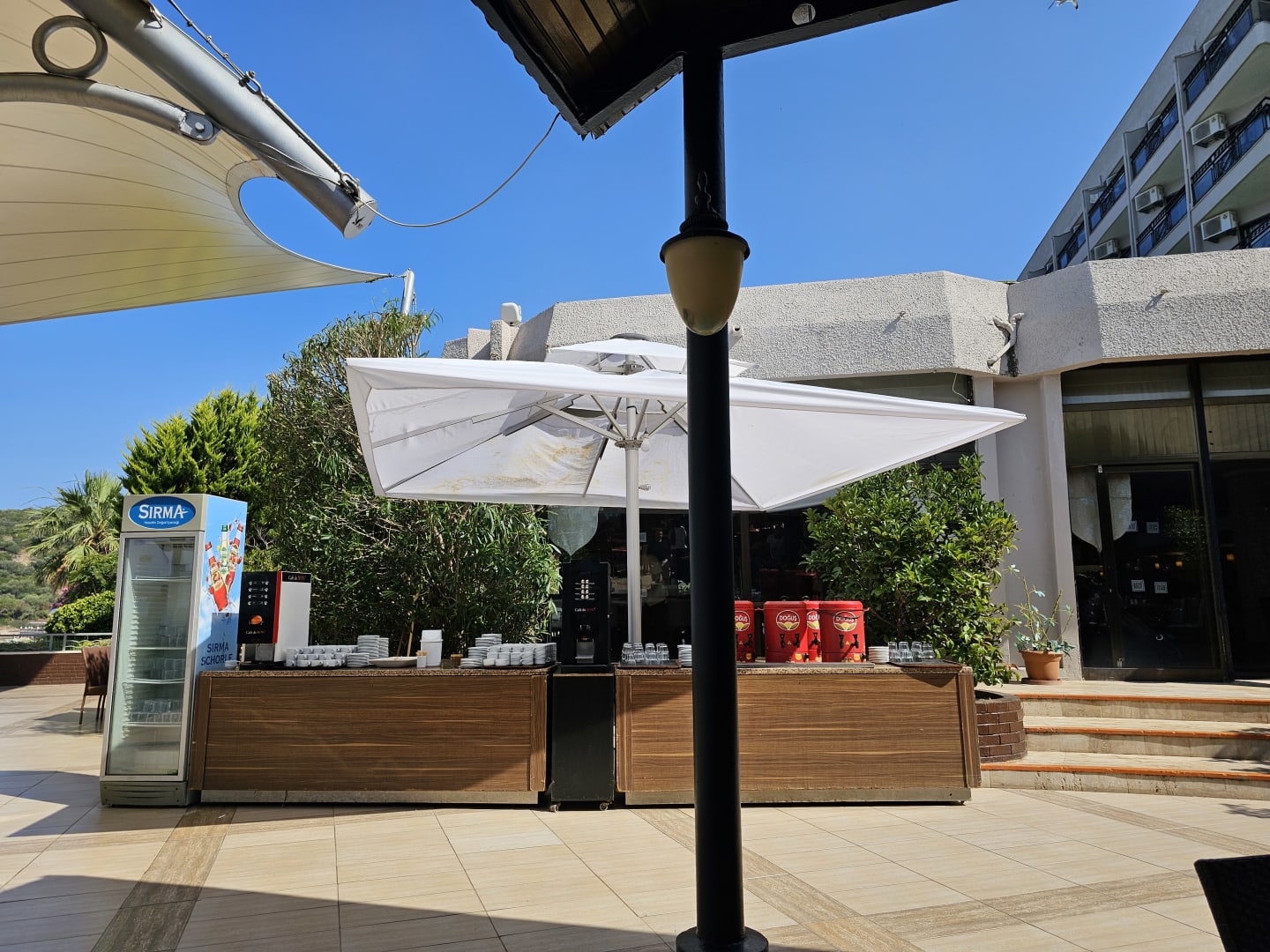 Frühstückszeit, Terrasse im Hauptrestaurant.
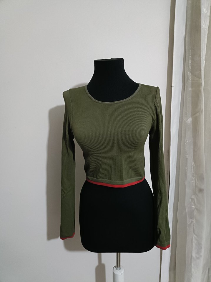 Kadınlar için uzun kollu, yuvarlak yaka ve fit kesime sahip koyu haki kısa kazak. Sentetik yumuşak kumaştan, minimalist ve sade tasarım, kırmızı detaylarla şık görünüm sunar.
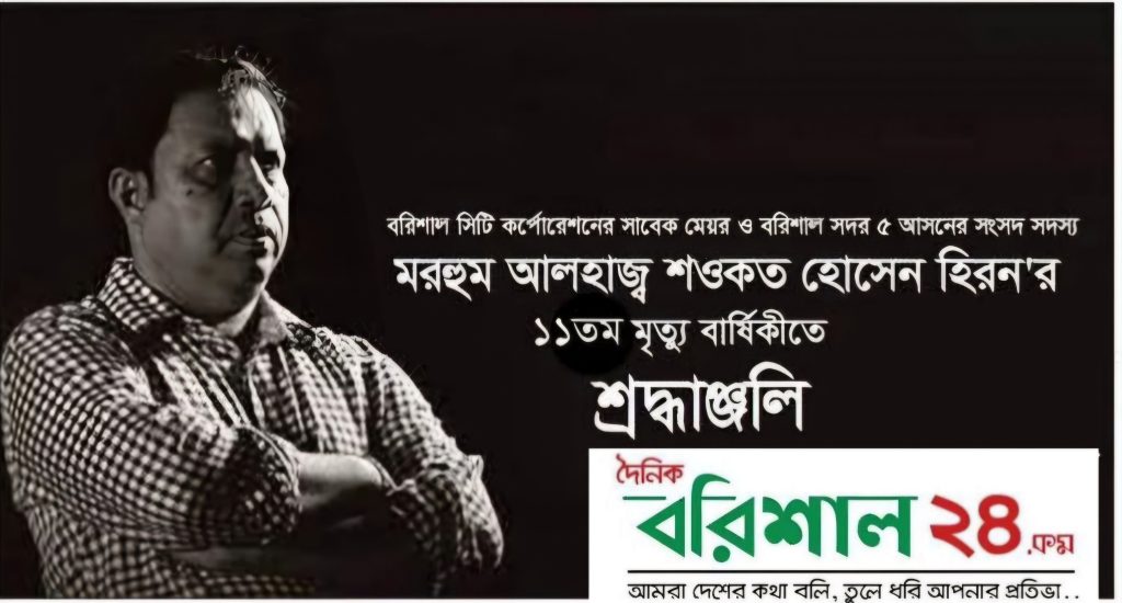 আধুনিক বরিশালের কারিগর সাবেক জনপ্রিয় মেয়র হিরন এর মৃত্যুবার্ষিকী আজ - দৈনিক বরিশাল ২৪ দৈনিক বরিশাল ২৪আধুনিক বরিশালের কারিগর সাবেক জনপ্রিয় মেয়র হিরন এর মৃত্যুবার্ষিকী আজ - দৈনিক বরিশাল ২৪
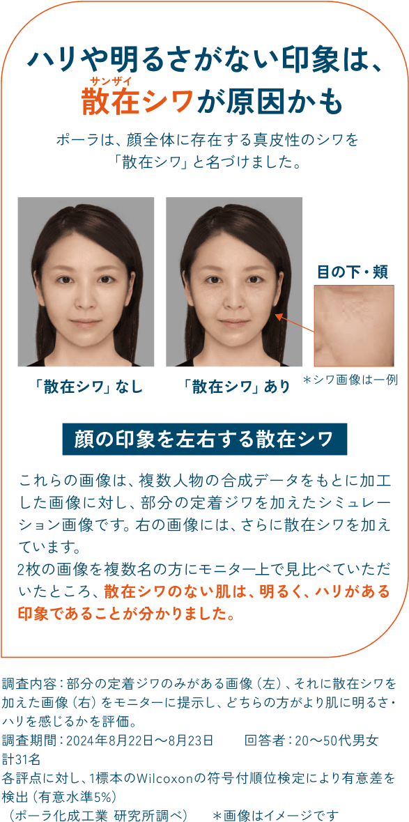真皮性のシワのなかで、部分にあるものを「定着ジワ」、

WHAT TO WORK ON:
The lines to write out are those from the first line of the listing above through the line bearing "Kadınlar için uzun", both included, copied exactly with pictures dropped.

RESULT OF THIS EXERCISE:
 Frühstückszeit, Terrasse im Hauptrestaurant.
 Kadınlar için uzun kollu, yuvarlak yaka ve fit kesime sahip koyu haki kısa kazak. Sentetik yumuşak kumaştan, minimalist ve sade tasarım, kırmızı detaylarla şık görünüm sunar.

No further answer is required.